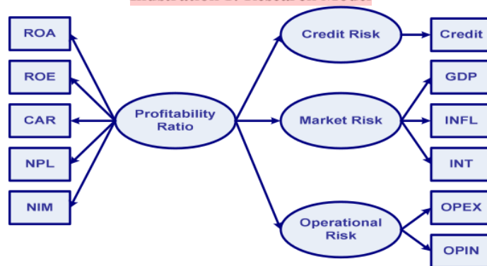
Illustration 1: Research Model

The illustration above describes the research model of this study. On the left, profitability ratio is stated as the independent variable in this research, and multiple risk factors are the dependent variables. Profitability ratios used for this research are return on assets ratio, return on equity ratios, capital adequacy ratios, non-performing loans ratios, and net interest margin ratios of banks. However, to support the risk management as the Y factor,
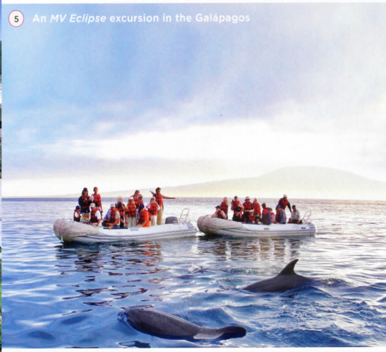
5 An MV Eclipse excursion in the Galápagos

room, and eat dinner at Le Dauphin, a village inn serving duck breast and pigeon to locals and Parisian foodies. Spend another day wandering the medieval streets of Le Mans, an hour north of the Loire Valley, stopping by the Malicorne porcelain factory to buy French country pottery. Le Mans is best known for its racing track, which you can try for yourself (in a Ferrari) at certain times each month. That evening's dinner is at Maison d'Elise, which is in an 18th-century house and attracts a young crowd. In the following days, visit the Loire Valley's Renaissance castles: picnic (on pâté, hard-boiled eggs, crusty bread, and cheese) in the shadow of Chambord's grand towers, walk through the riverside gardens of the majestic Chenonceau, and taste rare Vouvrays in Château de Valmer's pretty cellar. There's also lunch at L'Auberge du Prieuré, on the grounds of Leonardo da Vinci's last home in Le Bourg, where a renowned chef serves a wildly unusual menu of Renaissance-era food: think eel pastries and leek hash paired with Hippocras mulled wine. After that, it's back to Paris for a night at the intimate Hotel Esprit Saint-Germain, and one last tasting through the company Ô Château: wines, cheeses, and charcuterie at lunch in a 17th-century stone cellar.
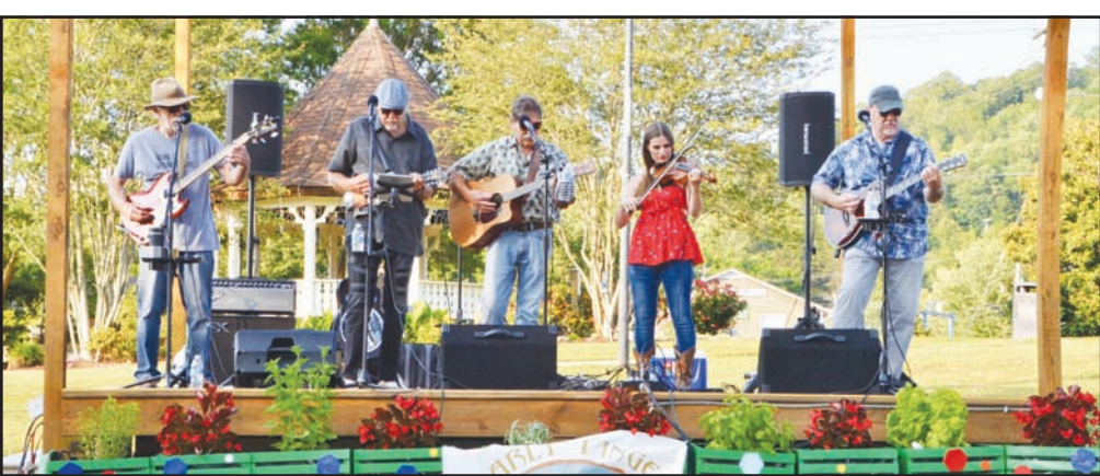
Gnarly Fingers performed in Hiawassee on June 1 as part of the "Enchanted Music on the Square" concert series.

- - -

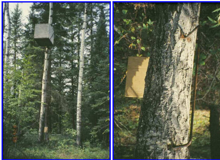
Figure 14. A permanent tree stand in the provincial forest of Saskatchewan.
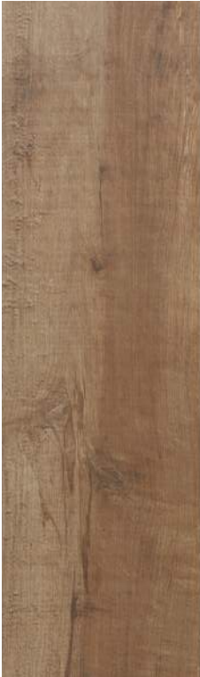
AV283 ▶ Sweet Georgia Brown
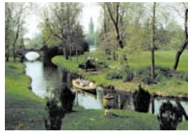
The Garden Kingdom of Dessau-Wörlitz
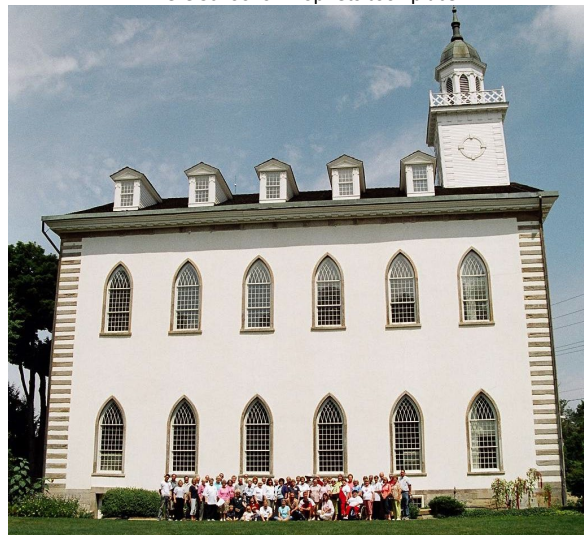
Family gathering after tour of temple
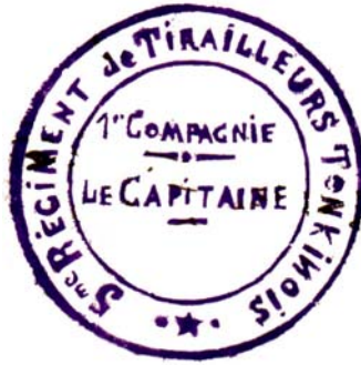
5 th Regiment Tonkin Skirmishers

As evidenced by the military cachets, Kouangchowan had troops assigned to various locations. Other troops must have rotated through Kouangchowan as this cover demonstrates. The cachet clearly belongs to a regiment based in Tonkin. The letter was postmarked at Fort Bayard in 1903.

- - -

= WORK TO COMPLETE =
The word "Tonkin" appears in some lines of the data. Copy every one of those lines.

= PROBLEM SOLUTION =
5 th Regiment Tonkin Skirmishers
As evidenced by the military cachets, Kouangchowan had troops assigned to various locations. Other troops must have rotated through Kouangchowan as this cover demonstrates. The cachet clearly belongs to a regiment based in Tonkin. The letter was postmarked at Fort Bayard in 1903.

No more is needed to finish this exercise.